EXERCISE REQUIREMENTS —
Write out nothing except the lines of the entries below, from the first through the one containing "Гентамицина сульфат 4%", exactly and without pictures.

DATASET CONTENT —
· · · · ·
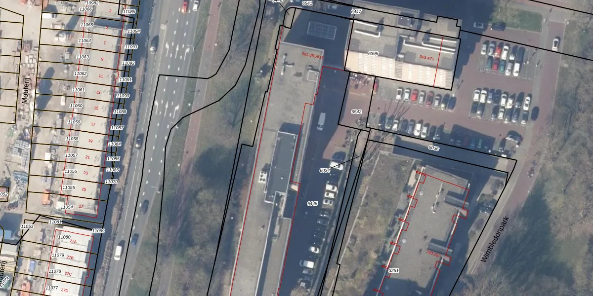 Wimbledonpark 361-407 is gelegen op kadastraal perceel ASV00M6445. Deze kadastrale aanduiding is uniek en wordt gebruikt door het Kadaster om eigendomsrechten en andere zakelijke rechten vast te leggen. Het perceel maakt onderdeel uit van de kadastrale gemeente Amstelveen.
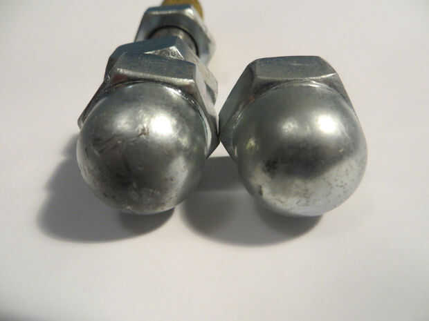 Mi variedad fue galvanizado pero no es la mejor opción. Lo mejor sería acero inoxidable ya que es más difícil y no tiene ningún recubrimiento que puede salir como el zinc en mi caso. En la segunda foto pueden ver la diferencia sutil de la tuerca de la izquierda que he utilizado y uno a la derecha que se desgastan menos.
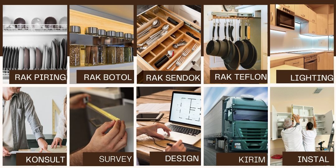 Finishing menyeluruh baik bagian luar maupun bagian dalam, karena banyak vendor yang hanya memberikan finishing di bagian luar yang terlihat saja, sehingga kitchen set terkesan kurang mewah dan gampang rusak.
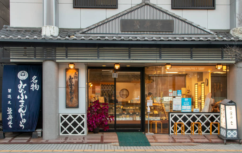 第1位は「栄昇堂」です。JR身延駅改札から、右手正面すぐの場所にあります。控えめな甘さながら、濃厚な味わいを感じられる身延町の銘菓「みのぶまんじゅう」を提供する和菓子店です。人気アニメ「ゆるキャンΔ」にも登場したお店で、アニメファンも多く訪れる聖地としても親しまれています。オンラインでも購入ができるので、現地に行けない人でも名店の味を楽しめるのもうれしいですね。
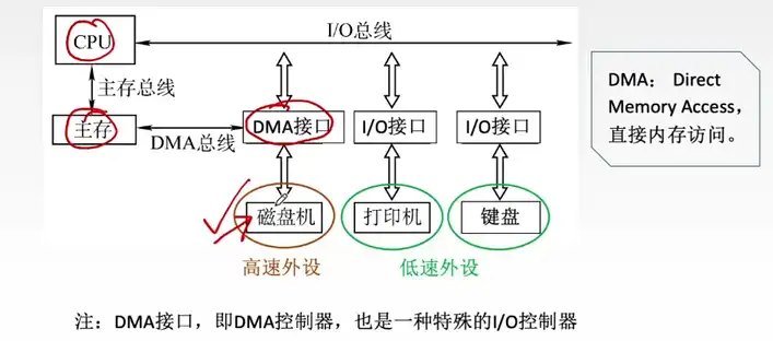 DMA 控制方式DMA(Direct Memory Access)接口也是一种 I/O 控制器:这种 I/O 接口称为 DMA 接口,直接内存访问。
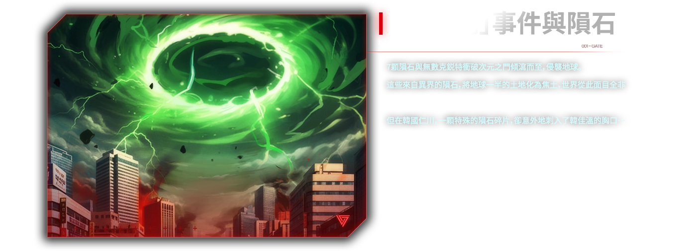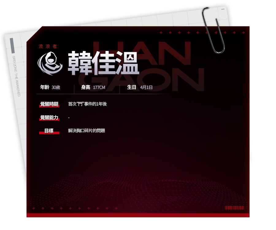 韓佳溫曾經是醫學院學生,卻在“門”事件中,被隕石碎片刺入胸口,沉睡七年。這片碎片不僅未奪走他的生命,更賦予他強大引導者力量。
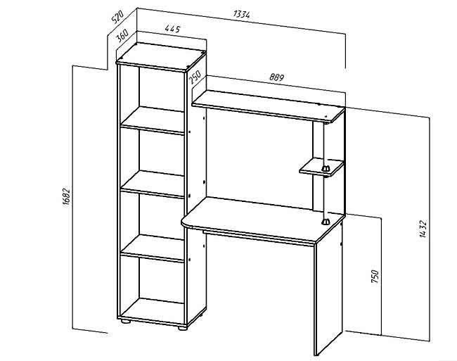 Габариты 1334(Ш) х 520(Г) х 1682(В) мм.
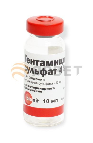 Гентамицина сульфат 4% раствор применяют для лечения крупного рогатого скота, свиней, лошадей, собак и кошек при болезнях бактериальной этиологии; респираторных и желудочно-кишечных заболеваниях, сепсисе, перитоните' менингите, пиелонефрите и других заболеваниях животных, вызванных чувствительными к антибиотику микроорганизмами. Противопоказанием для применения препарата является индивидуальная повышенная чувствительность животного к гентамицину, период беременности, тяжёлые нарушения функции почек. Не допускается одновременное или последовательное применение гентамицина с другими ото- и нефротоксичными препаратами (стрептомицином, канамицином, неомицином, апрамицином).
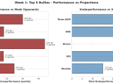 The first week of the season provided a challenging test for our predictive model. While many games aligned with expectations, 70 of the completed matchups produced results contrary to predictions. The largest errors tended to involve teams with limited historical data or significant roster changes, highlighting the difficulty of early-season forecasting when team identities remain unclear.
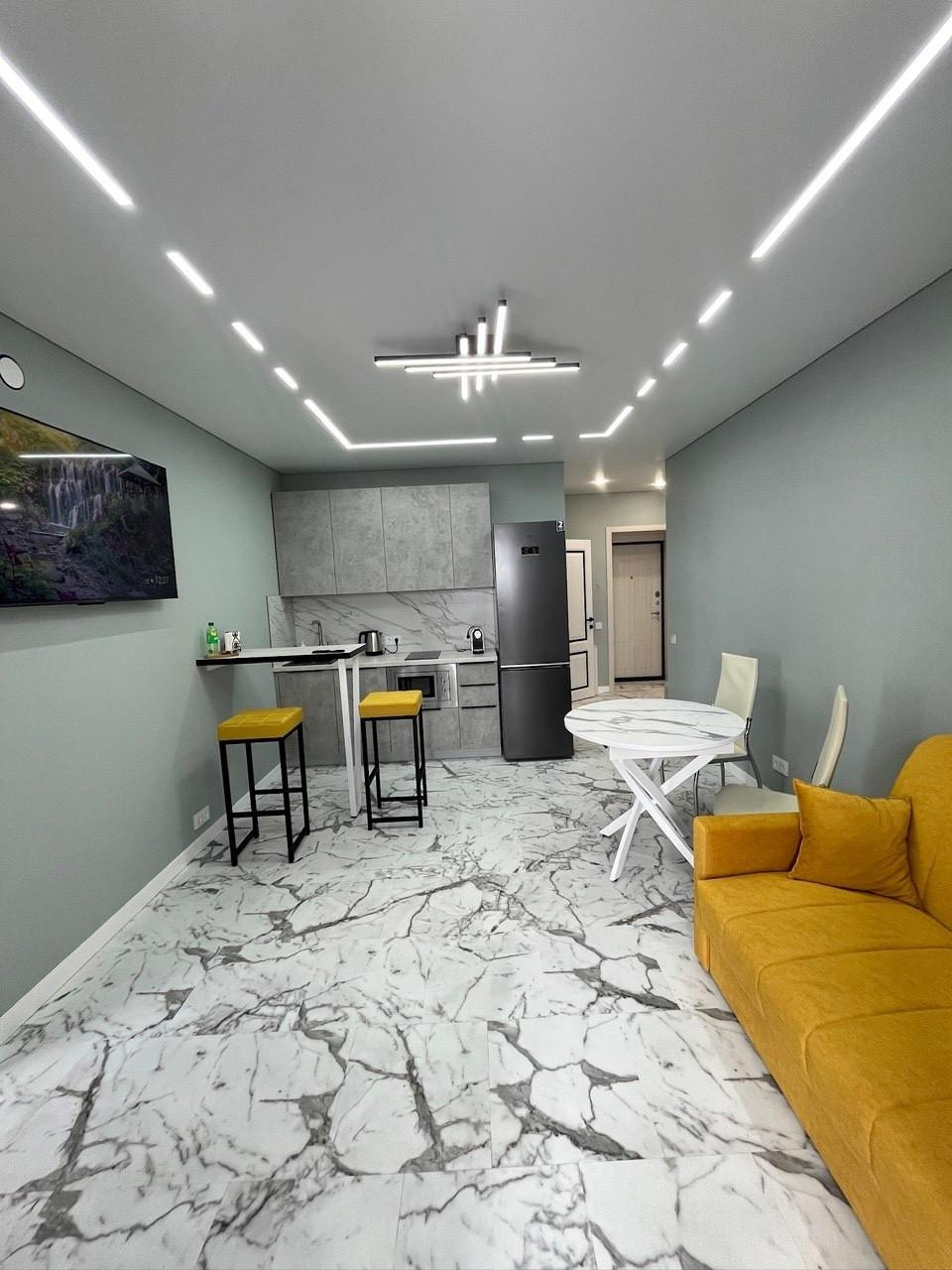 Особенности:Стильный и современный ремонт выполнен из качественных материалов.Уютная кухня с современными бытовыми приборами и просторной обеденной зоной.Светлая гостиная с видом на город, идеально подходящая для отдыха и встреч.Уютная спальня с уютным интерьером.Современная ванная комната с дизайнерской сантехникой.Большие окна и балкон — отличная возможность любоваться закатом или видом ночного города.
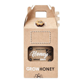 Découvrez le pot de miel personnalisable, une attention délicieuse et unique pour vos initiatives B to B. Ce pot renferme 50 g de miel de fleurs sauvages, reconnu pour sa douceur et son goût naturel. Il est présenté dans un pot en bois, offrant un aspect authentique et soigné, parfait pour mettre en valeur vos cadeaux d'entreprise, vos actions de fidélisation ou vos envois aux clients. Son format compact facilite la distribution tout en garantissant une expérience produit de qualité. En plus du miel, le pot contient des graines de fleurs d'abeilles. Celles-ci peuvent être semées dans un jardin, une jardinière ou un bac, prolongeant ainsi l'expérience au-delà de la dégustation. Cette combinaison établit un lien simple et ludique entre le produit et son utilisation. Le tout est livré dans une boîte en papier kraft, prête à être offerte. Fabriqué au sein de l'Union européenne, ce pot de miel s'intègre parfaitement dans des coffrets cadeaux, des campagnes promotionnelles ou des événements, alliant plaisir, originalité et visibilité de marque.
· · · · ·
REPLY —
 Wimbledonpark 361-407 is gelegen op kadastraal perceel ASV00M6445. Deze kadastrale aanduiding is uniek en wordt gebruikt door het Kadaster om eigendomsrechten en andere zakelijke rechten vast te leggen. Het perceel maakt onderdeel uit van de kadastrale gemeente Amstelveen.
 Mi variedad fue galvanizado pero no es la mejor opción. Lo mejor sería acero inoxidable ya que es más difícil y no tiene ningún recubrimiento que puede salir como el zinc en mi caso. En la segunda foto pueden ver la diferencia sutil de la tuerca de la izquierda que he utilizado y uno a la derecha que se desgastan menos.
 Finishing menyeluruh baik bagian luar maupun bagian dalam, karena banyak vendor yang hanya memberikan finishing di bagian luar yang terlihat saja, sehingga kitchen set terkesan kurang mewah dan gampang rusak.
 第1位は「栄昇堂」です。JR身延駅改札から、右手正面すぐの場所にあります。控えめな甘さながら、濃厚な味わいを感じられる身延町の銘菓「みのぶまんじゅう」を提供する和菓子店です。人気アニメ「ゆるキャンΔ」にも登場したお店で、アニメファンも多く訪れる聖地としても親しまれています。オンラインでも購入ができるので、現地に行けない人でも名店の味を楽しめるのもうれしいですね。
 DMA 控制方式DMA(Direct Memory Access)接口也是一种 I/O 控制器:这种 I/O 接口称为 DMA 接口,直接内存访问。
 韓佳溫曾經是醫學院學生,卻在“門”事件中,被隕石碎片刺入胸口,沉睡七年。這片碎片不僅未奪走他的生命,更賦予他強大引導者力量。
 Габариты 1334(Ш) х 520(Г) х 1682(В) мм.
 Гентамицина сульфат 4% раствор применяют для лечения крупного рогатого скота, свиней, лошадей, собак и кошек при болезнях бактериальной этиологии; респираторных и желудочно-кишечных заболеваниях, сепсисе, перитоните' менингите, пиелонефрите и других заболеваниях животных, вызванных чувствительными к антибиотику микроорганизмами. Противопоказанием для применения препарата является индивидуальная повышенная чувствительность животного к гентамицину, период беременности, тяжёлые нарушения функции почек. Не допускается одновременное или последовательное применение гентамицина с другими ото- и нефротоксичными препаратами (стрептомицином, канамицином, неомицином, апрамицином).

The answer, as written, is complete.